*What you are asked to do*
All of the data below should be printed again exactly, pictures excluded.

*Dataset content*
○ ○ ○ ○

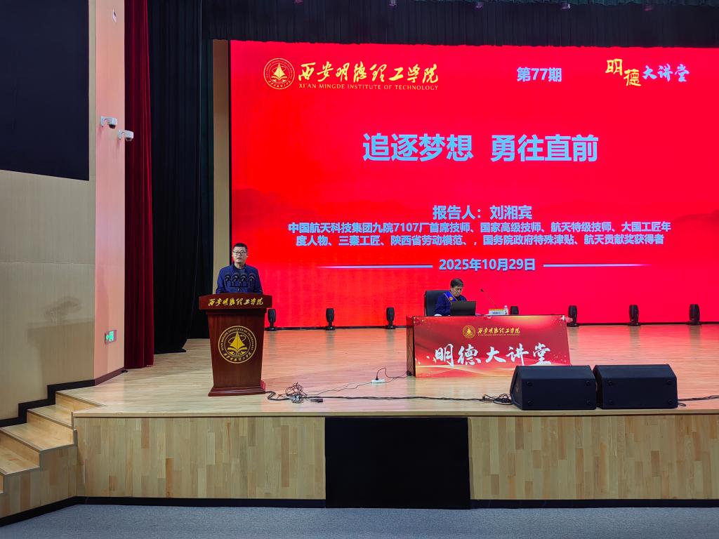 为大力弘扬工匠精神,引导青年学子树立职业理想、坚定奋斗信念,10月29日,beat365特邀中国航天科技集团有限公司第九研究院七一〇七厂首席技师刘湘宾做客“明德大讲堂”,以“追逐梦想 勇往直前”为主题,为1000余名师生带来了一场兼具思想深度与实践温度的专题讲座。讲座由马克思主义学院及通识教育学院党委书记王君涛主持。
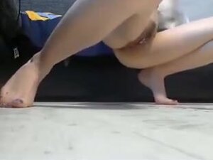 Naturalna blond MILF rozbiera się na zewnątrz
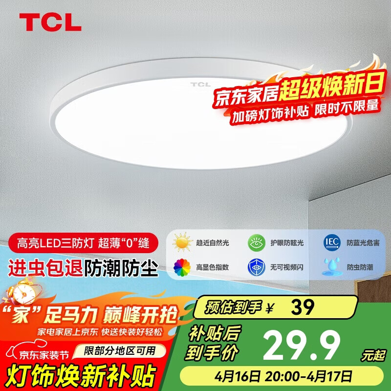 TCL吸顶灯led卧室灯全屋灯具套餐阳台餐厅现代简约三防灯24W白光

○ ○ ○ ○

*Task output*
 为大力弘扬工匠精神,引导青年学子树立职业理想、坚定奋斗信念,10月29日,beat365特邀中国航天科技集团有限公司第九研究院七一〇七厂首席技师刘湘宾做客“明德大讲堂”,以“追逐梦想 勇往直前”为主题,为1000余名师生带来了一场兼具思想深度与实践温度的专题讲座。讲座由马克思主义学院及通识教育学院党委书记王君涛主持。
 Naturalna blond MILF rozbiera się na zewnątrz
 TCL吸顶灯led卧室灯全屋灯具套餐阳台餐厅现代简约三防灯24W白光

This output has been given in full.